Scenario 2 β€” Action Decision​

The problem cause has been identified: the custom domain certificate associated with Azure Front Door expired 18 hours ago. The Front Door is using a BYOC (Bring Your Own Certificate) stored in Azure Key Vault. The certificate in the Key Vault has already been replaced by the PKI team with a new valid version, but Front Door continues returning TLS errors to clients.

The environment has the following constraints:

  • The application is in production with an active 99.9% SLA
  • The custom domain cannot be removed and recreated without Change Advisory Board approval, a process that takes at least 4 hours
  • The team has full access to the Azure portal and CLI
  • 20 minutes have passed since the certificate replacement in Key Vault without Front Door automatically detecting the update

What is the correct action to take at this moment?

A) Wait another 40 minutes, as Front Door can take up to 1 hour to automatically sync the new certificate version from Key Vault
B) Remove the custom domain from Front Door and recreate it pointing to the new certificate
C) Access the custom domain settings in Front Door and manually trigger the certificate update, pointing to the new version in Key Vault
D) Replace the BYOC certificate with a Front Door-managed certificate to eliminate the Key Vault dependency


Scenario 3 β€” Root Cause​

A corporate web application is published via Azure Application Gateway v2 with end-to-end TLS configured.
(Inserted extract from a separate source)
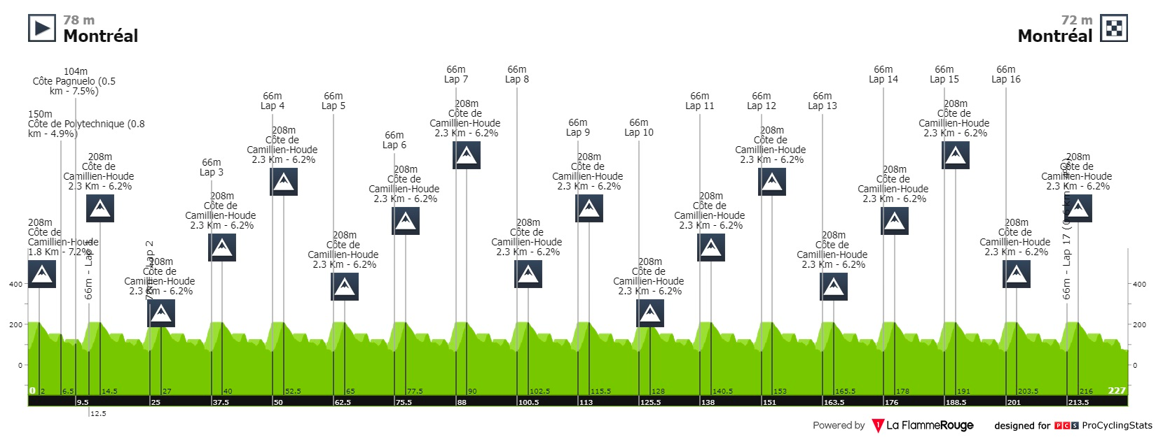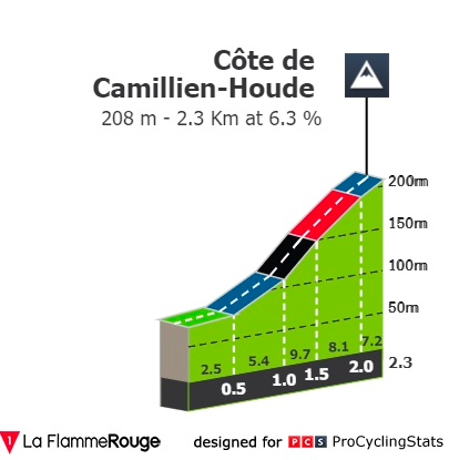 O circuito apresenta apenas uma subida, de 2.3 quilómetros a 6.3% com rampas a quase 10%. Será nestes momentos que os chamados puncheurs terão de fazer a diferença em relação aos homens mais rápidos.

The backends use certificates issued by the company's internal CA, and the CA root certificate is correctly registered as a Trusted Root Certificate in the backend HTTP settings.

In the last week, three of the eight backend pool servers started presenting intermittent failures. The collected logs show:

[WARN]  Backend: 10.0.2.14:443 - Connection established
[WARN] Backend: 10.0.2.14:443 - SSL handshake timeout after 10000ms
[WARN] Backend: 10.0.2.15:443 - Connection established
[WARN] Backend: 10.0.2.15:443 - SSL handshake timeout after 10000ms
[INFO] Backend: 10.0.2.10:443 - Handshake OK
[INFO] Backend: 10.0.2.11:443 - Handshake OK
[INFO] Backend: 10.0.2.12:443 - Handshake OK

The infrastructure team reports that the three affected servers received a security configuration update that restricted the accepted cipher suites to a more restrictive set, aligned with an internal hardening policy. The other five servers have not been updated yet.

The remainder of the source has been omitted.